This post is also available in the following languages. Japanese, Korean

API documentation with comments parsing

jeongeun-jeon2020-07-22

As a technical writer, I get excited every time I start a new project. At the starting point, it gives me freedom as it is wide open with possibilities. Such a freedom motivates me to explore new domains. From that perspective, I find technical documentation consulting exciting as it gives me an opportunity to try new things and learn from them. I'd like to share in this post what I've learned from API documentation consulting I provided a few months ago. More specifically, it is about making an API documentation tool based on source code comments for a new language. I don't mean to create a new tool from scratch but find a good one and apply. Don't expect nor worry you'll need to code a lot.

Nowadays, it has become quite common to produce API documentation from source code comments. Usually document generators like Javadoc or JSDoc are used for widely used programming languages. As a preparation for documentation consulting, I research documentation tools to pair up with a programming language.
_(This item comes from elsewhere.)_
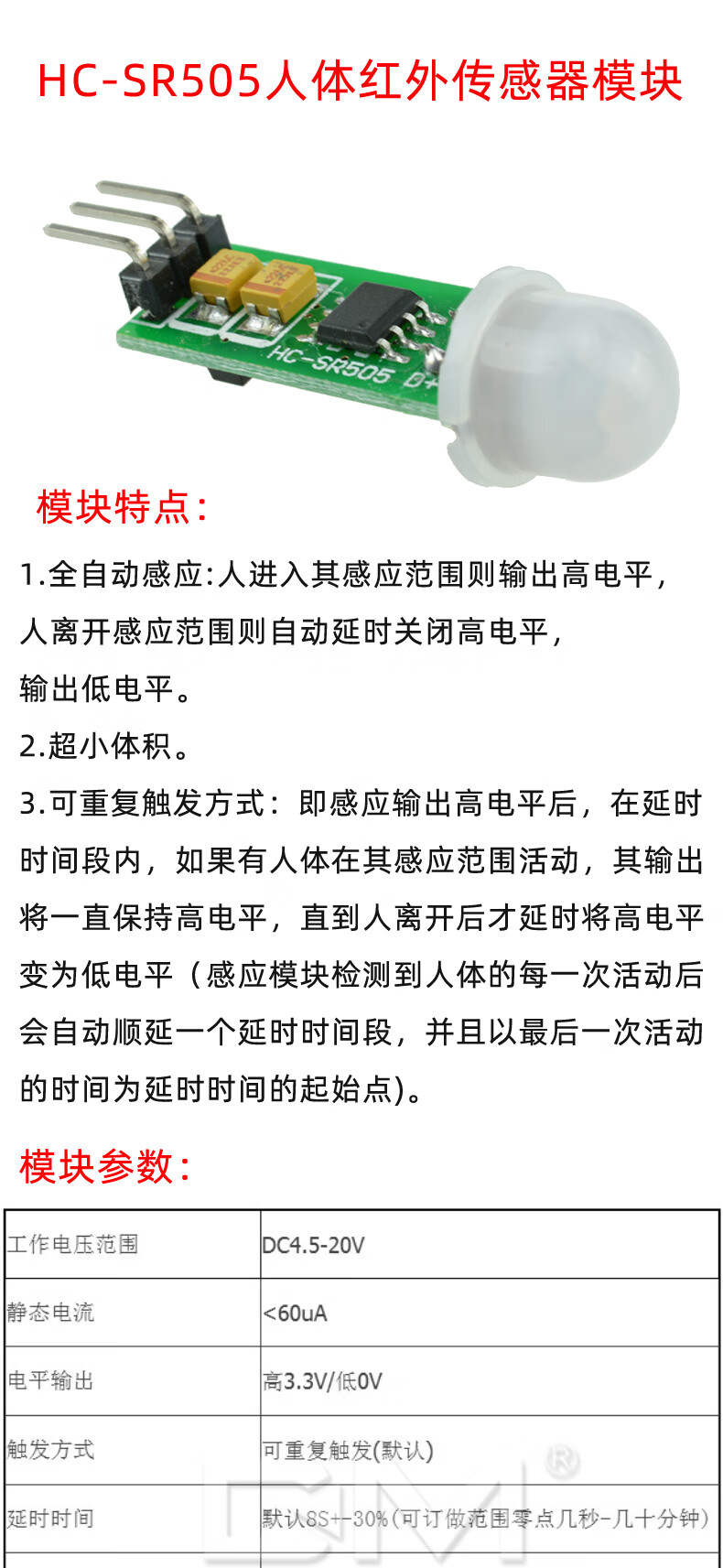 HC-SR505 human body infrared sensing electronic module sensor pyroelectric probe mini human body sensing switch

When someone comes to me for advice on an API reference developed with language A, I usually start API documentation consulting by saying, "Both tool B or C can be used for that language, but I recommend C, considering the project environment." Recently, document generators have become common enough that some clients already have a documentation tool in mind when they come for advice.

In the beginning of this year, I worked on an API documentation consulting case. Interestingly enough, this project was not using one of the widely known programming languages, but scripts dedicated to a specific solution. These scripts did not provide an API document generator, and other tools couldn't be used as the grammar was different. When I almost lost hope for document automation, I found a silver lining when they mentioned that they haven't started documenting yet and syntax rules for comments could be defined. If these rules can be simplified, it would not be that difficult to analyze comments even for an entirely new language. This is how my new project began: "Making an API documentation tool based on the source code of a programming language that doesn't come with an API documentation tool." I'll elaborate on this project in the following order.

Defining syntax rules for comments
Customizing a parser
Documenting information from comments

Defining syntax rules for comments

At this stage, we have to decide which API information is to be included in the document and how to state such information in the source code comments. As a first step, I review the API information and requirements of the team requiring documentation, and decide on syntax rules and tags for classification based on widely used API comments. Let's take a look at a simple example of showing basic API description, parameters, supported OS and sample page screenshot. The rule here is to create a comment block on top of the API code and include a basic description in text, parameters with @param tag, supported OS with @os tag, and path of the sample page screenshot file with @screenshot. It looks like this in the source code more or less.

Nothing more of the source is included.